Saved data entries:
####################

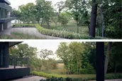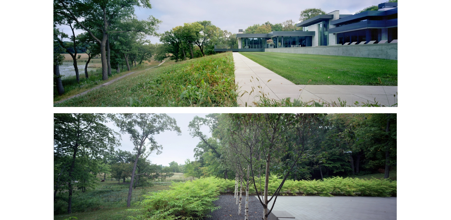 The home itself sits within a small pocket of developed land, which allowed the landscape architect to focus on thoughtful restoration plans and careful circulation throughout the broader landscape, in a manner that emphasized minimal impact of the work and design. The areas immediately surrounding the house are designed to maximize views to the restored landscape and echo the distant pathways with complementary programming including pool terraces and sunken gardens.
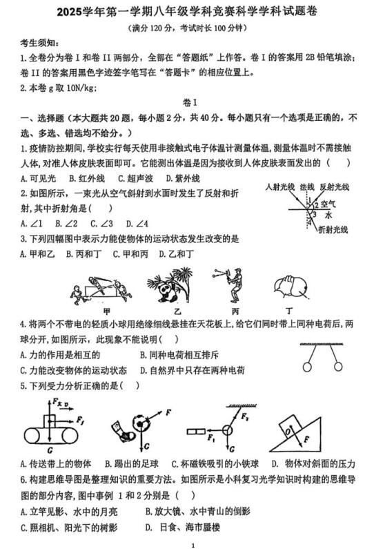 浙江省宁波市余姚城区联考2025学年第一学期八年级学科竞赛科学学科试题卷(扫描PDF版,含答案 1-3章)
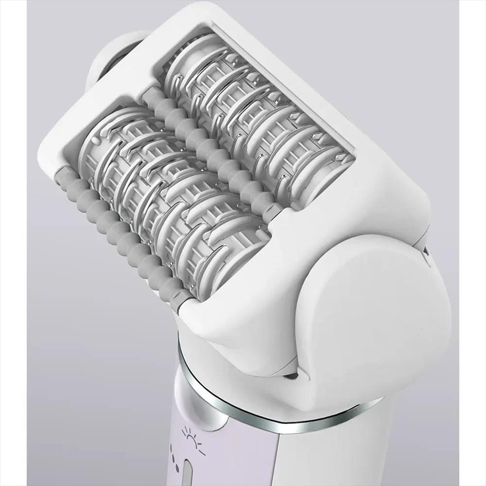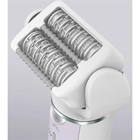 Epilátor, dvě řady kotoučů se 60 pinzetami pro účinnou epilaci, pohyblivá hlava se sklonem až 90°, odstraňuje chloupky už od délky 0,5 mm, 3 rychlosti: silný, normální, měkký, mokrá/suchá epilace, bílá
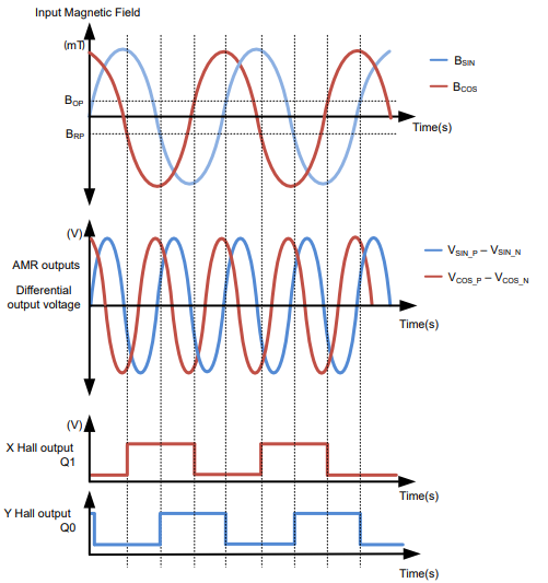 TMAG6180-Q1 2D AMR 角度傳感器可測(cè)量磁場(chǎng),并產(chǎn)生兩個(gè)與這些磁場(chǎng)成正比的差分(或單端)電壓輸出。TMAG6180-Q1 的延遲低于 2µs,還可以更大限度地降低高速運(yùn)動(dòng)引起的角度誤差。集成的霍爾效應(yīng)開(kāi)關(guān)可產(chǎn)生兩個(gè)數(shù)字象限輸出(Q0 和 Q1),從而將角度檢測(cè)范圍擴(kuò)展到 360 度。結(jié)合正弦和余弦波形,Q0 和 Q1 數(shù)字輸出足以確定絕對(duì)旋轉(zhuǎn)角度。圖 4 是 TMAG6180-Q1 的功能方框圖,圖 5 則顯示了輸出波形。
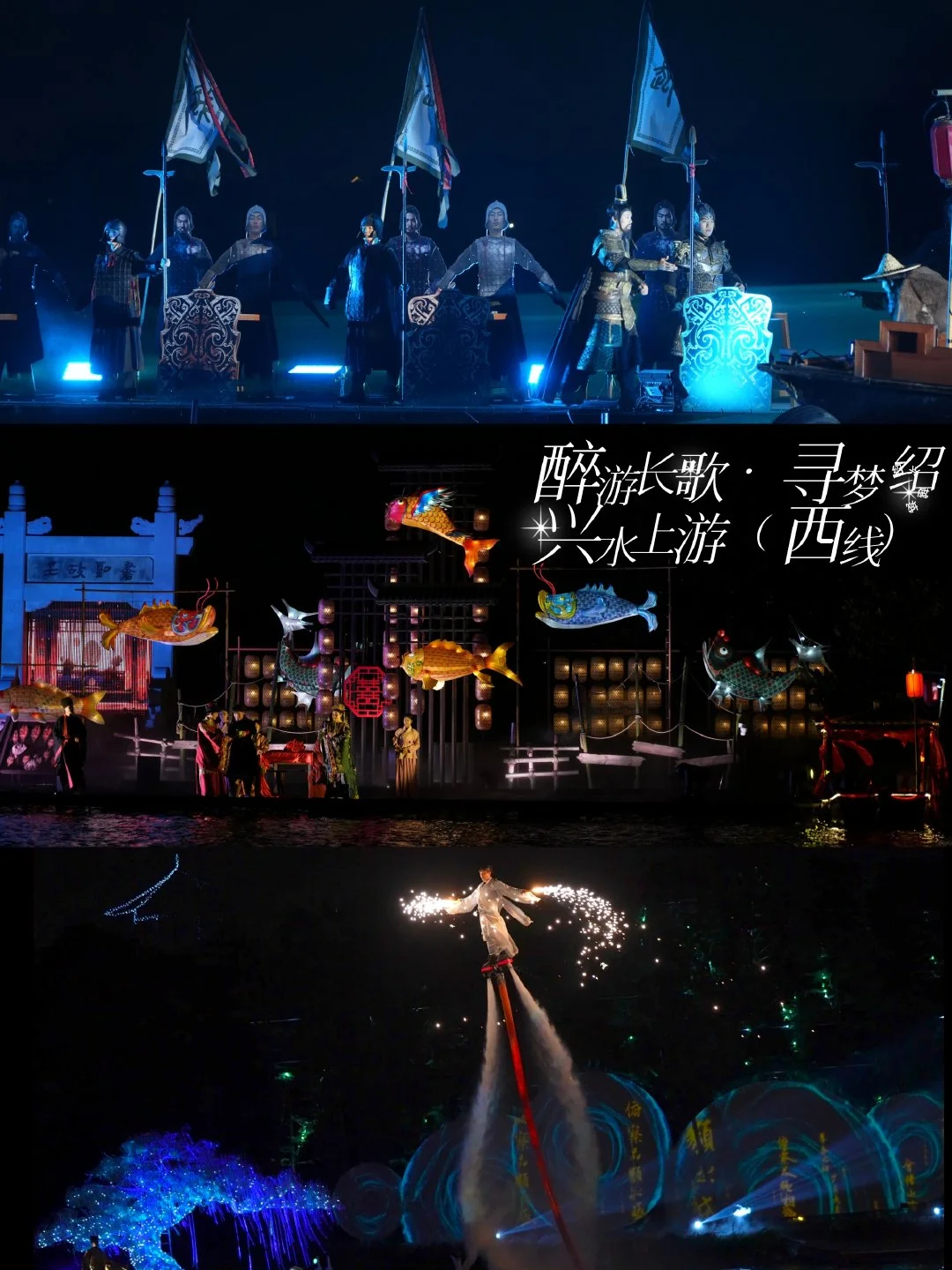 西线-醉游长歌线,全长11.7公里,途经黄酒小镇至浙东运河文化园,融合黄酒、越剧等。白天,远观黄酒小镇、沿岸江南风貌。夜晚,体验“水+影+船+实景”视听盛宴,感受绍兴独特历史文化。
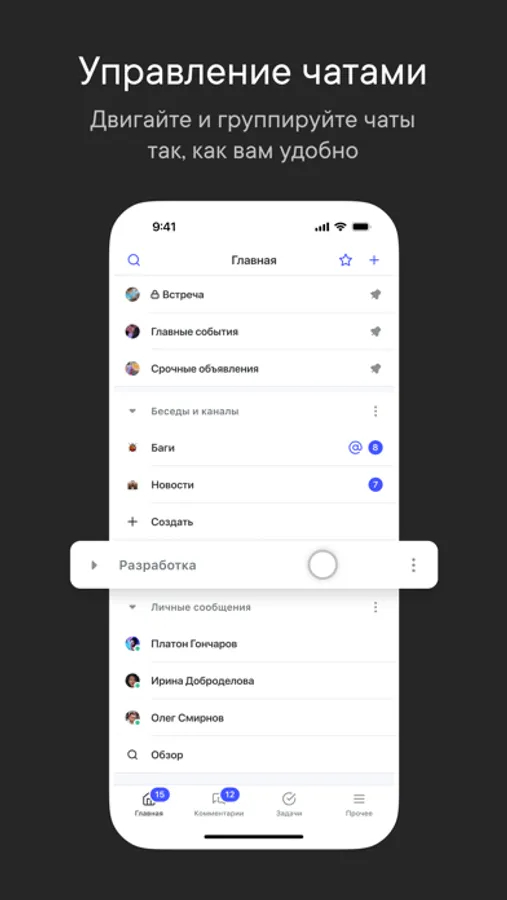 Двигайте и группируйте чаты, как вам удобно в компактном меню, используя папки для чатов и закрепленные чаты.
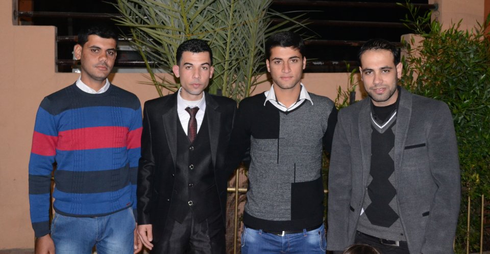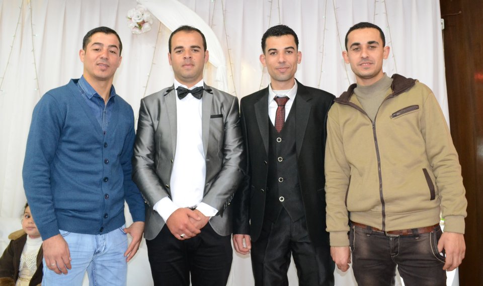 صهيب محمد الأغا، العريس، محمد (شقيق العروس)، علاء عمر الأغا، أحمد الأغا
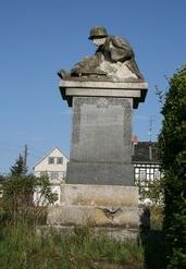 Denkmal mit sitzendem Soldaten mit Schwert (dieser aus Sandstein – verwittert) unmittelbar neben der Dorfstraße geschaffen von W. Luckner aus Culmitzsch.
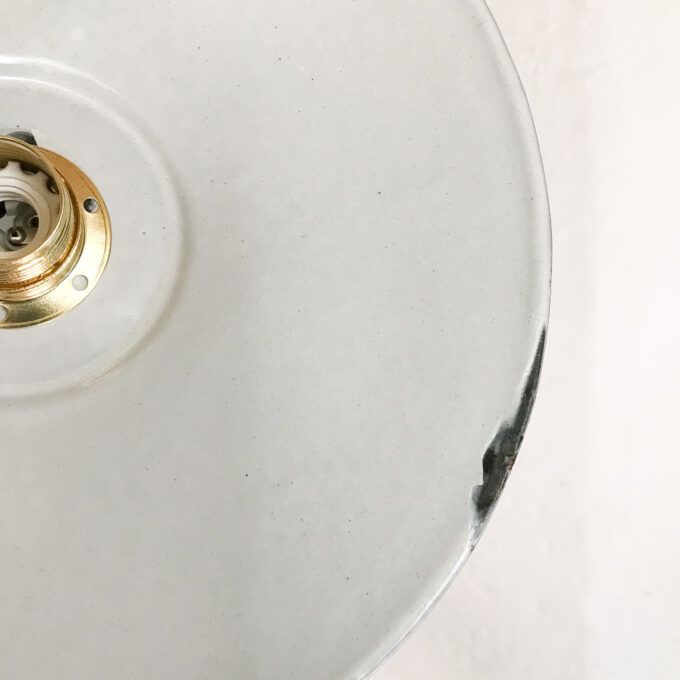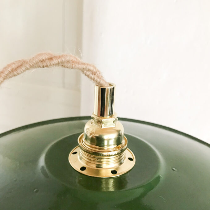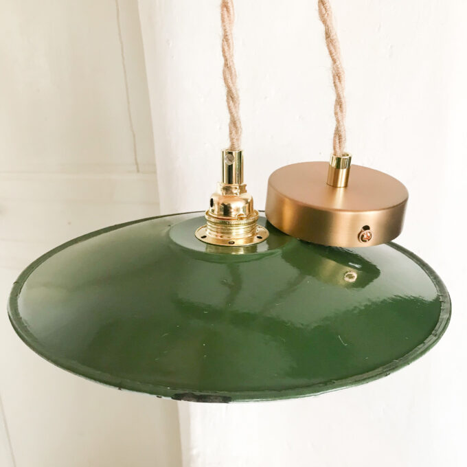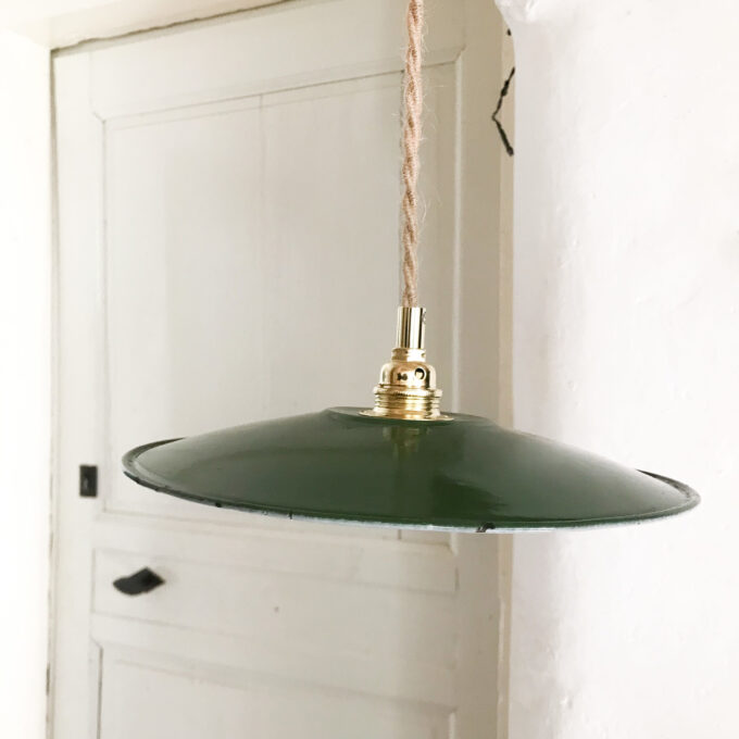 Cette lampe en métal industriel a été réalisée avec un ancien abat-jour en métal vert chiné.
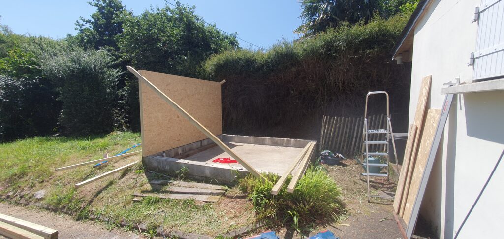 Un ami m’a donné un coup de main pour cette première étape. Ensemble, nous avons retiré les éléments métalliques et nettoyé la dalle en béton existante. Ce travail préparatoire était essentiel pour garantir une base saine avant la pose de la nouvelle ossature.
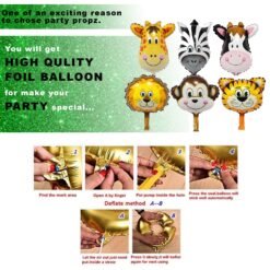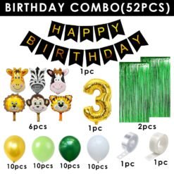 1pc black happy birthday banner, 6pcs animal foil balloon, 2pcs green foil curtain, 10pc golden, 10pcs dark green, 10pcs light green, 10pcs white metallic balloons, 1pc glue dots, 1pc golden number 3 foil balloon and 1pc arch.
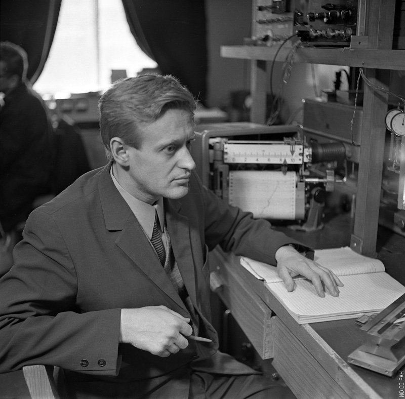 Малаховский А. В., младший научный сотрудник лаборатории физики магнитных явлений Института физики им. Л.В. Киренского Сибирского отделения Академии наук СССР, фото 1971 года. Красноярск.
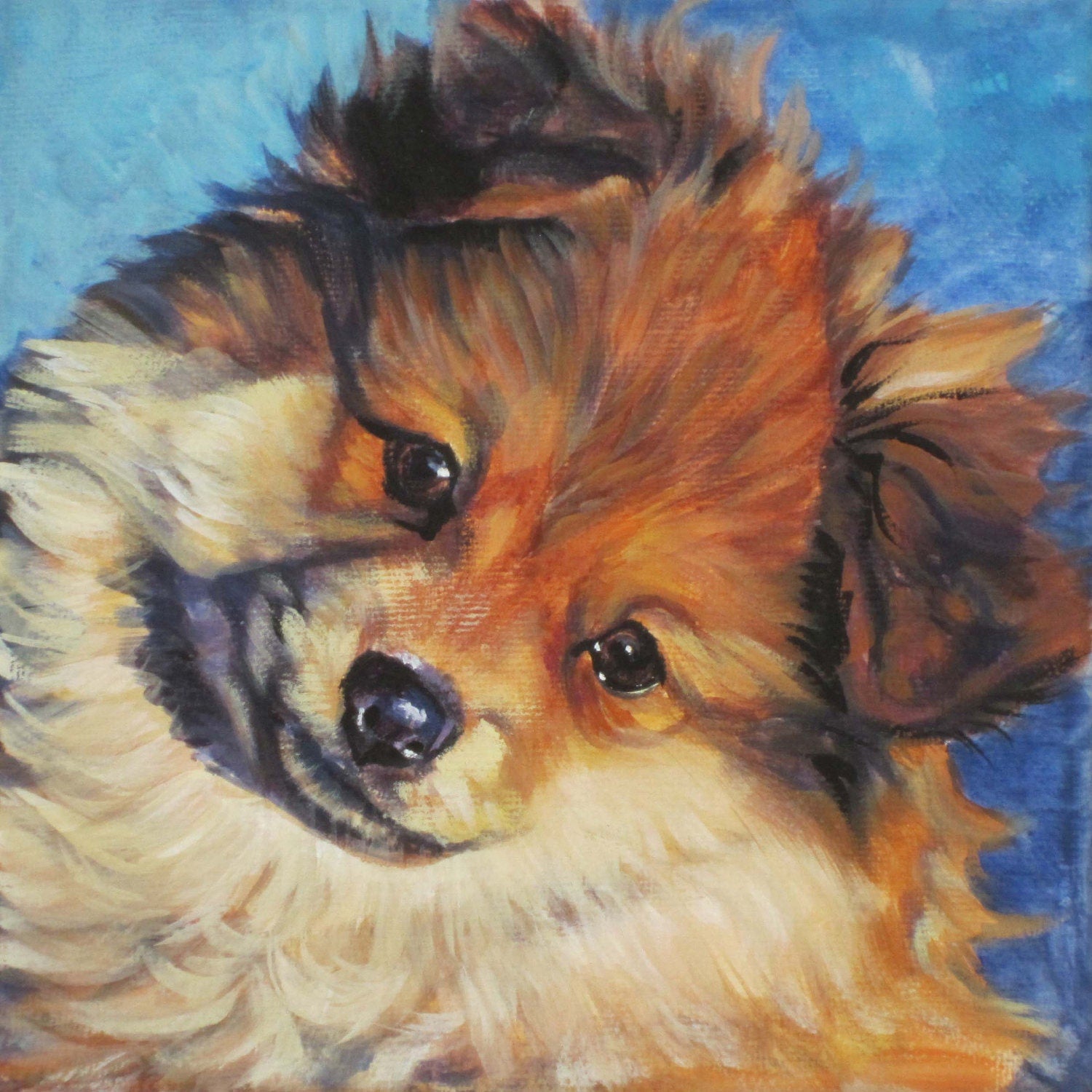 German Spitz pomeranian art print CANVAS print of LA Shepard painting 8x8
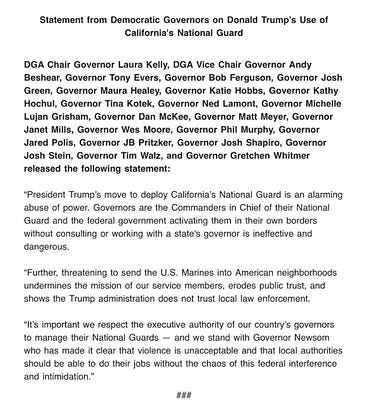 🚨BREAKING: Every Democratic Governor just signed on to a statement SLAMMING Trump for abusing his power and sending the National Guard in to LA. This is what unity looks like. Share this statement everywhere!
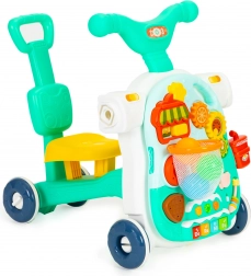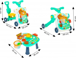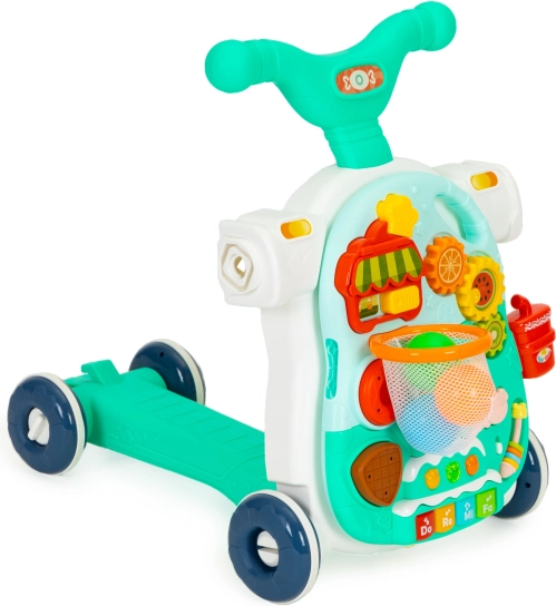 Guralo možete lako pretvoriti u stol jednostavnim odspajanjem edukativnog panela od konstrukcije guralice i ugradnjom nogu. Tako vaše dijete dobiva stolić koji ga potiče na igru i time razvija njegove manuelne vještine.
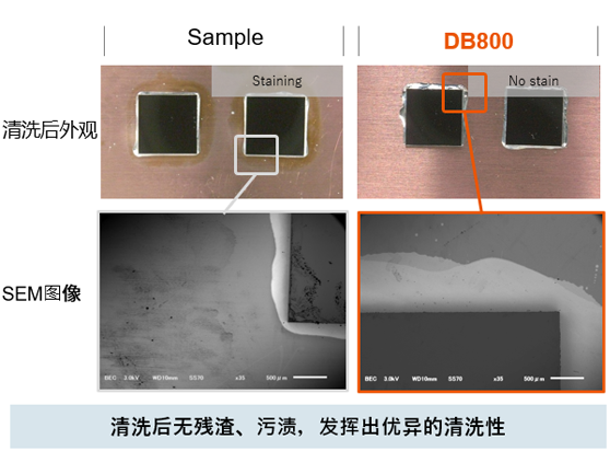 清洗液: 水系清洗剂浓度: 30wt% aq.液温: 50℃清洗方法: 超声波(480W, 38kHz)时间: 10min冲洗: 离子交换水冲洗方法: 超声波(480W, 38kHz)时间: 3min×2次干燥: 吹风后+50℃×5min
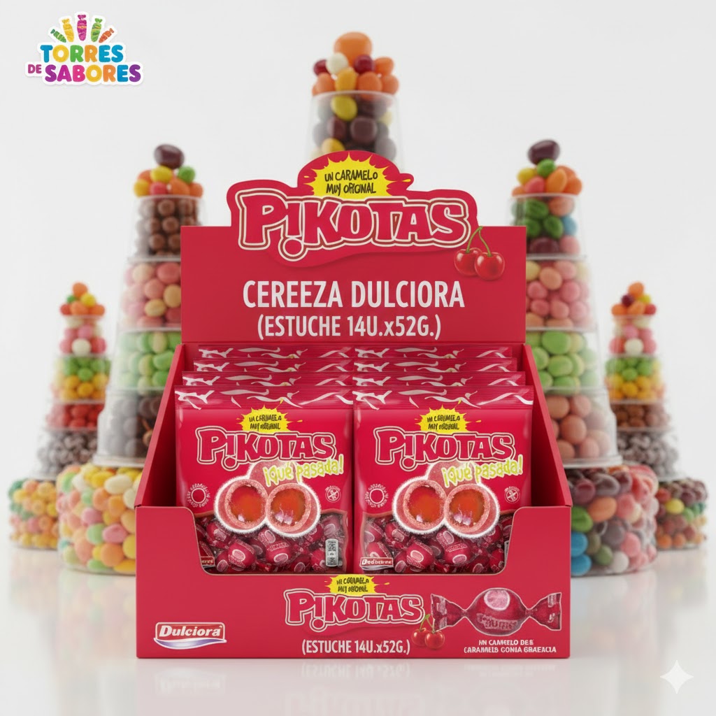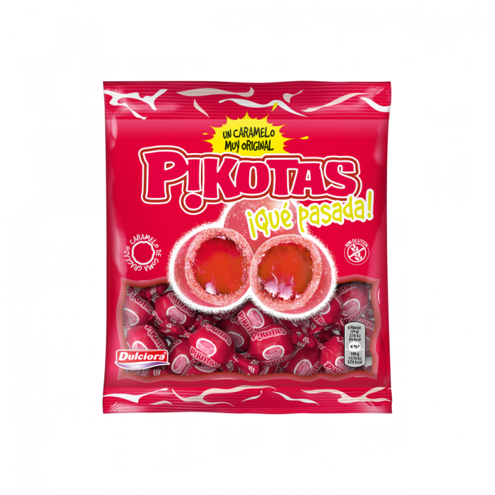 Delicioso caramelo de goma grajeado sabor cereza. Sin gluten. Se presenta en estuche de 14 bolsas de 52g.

####################

### What is expected
Output exactly those lines of the data above that run from the line with "TMAG6180-Q1 2D AMR" up to and including the line with "this statement everywhere!". No pictures go in.

### Answer section
 TMAG6180-Q1 2D AMR 角度傳感器可測(cè)量磁場(chǎng),并產(chǎn)生兩個(gè)與這些磁場(chǎng)成正比的差分(或單端)電壓輸出。TMAG6180-Q1 的延遲低于 2µs,還可以更大限度地降低高速運(yùn)動(dòng)引起的角度誤差。集成的霍爾效應(yīng)開(kāi)關(guān)可產(chǎn)生兩個(gè)數(shù)字象限輸出(Q0 和 Q1),從而將角度檢測(cè)范圍擴(kuò)展到 360 度。結(jié)合正弦和余弦波形,Q0 和 Q1 數(shù)字輸出足以確定絕對(duì)旋轉(zhuǎn)角度。圖 4 是 TMAG6180-Q1 的功能方框圖,圖 5 則顯示了輸出波形。
 西线-醉游长歌线,全长11.7公里,途经黄酒小镇至浙东运河文化园,融合黄酒、越剧等。白天,远观黄酒小镇、沿岸江南风貌。夜晚,体验“水+影+船+实景”视听盛宴,感受绍兴独特历史文化。
 Двигайте и группируйте чаты, как вам удобно в компактном меню, используя папки для чатов и закрепленные чаты.
 صهيب محمد الأغا، العريس، محمد (شقيق العروس)، علاء عمر الأغا، أحمد الأغا
 Denkmal mit sitzendem Soldaten mit Schwert (dieser aus Sandstein – verwittert) unmittelbar neben der Dorfstraße geschaffen von W. Luckner aus Culmitzsch.
 Cette lampe en métal industriel a été réalisée avec un ancien abat-jour en métal vert chiné.
 Un ami m’a donné un coup de main pour cette première étape. Ensemble, nous avons retiré les éléments métalliques et nettoyé la dalle en béton existante. Ce travail préparatoire était essentiel pour garantir une base saine avant la pose de la nouvelle ossature.
 1pc black happy birthday banner, 6pcs animal foil balloon, 2pcs green foil curtain, 10pc golden, 10pcs dark green, 10pcs light green, 10pcs white metallic balloons, 1pc glue dots, 1pc golden number 3 foil balloon and 1pc arch.
 Малаховский А. В., младший научный сотрудник лаборатории физики магнитных явлений Института физики им. Л.В. Киренского Сибирского отделения Академии наук СССР, фото 1971 года. Красноярск.
 German Spitz pomeranian art print CANVAS print of LA Shepard painting 8x8
 🚨BREAKING: Every Democratic Governor just signed on to a statement SLAMMING Trump for abusing his power and sending the National Guard in to LA. This is what unity looks like. Share this statement everywhere!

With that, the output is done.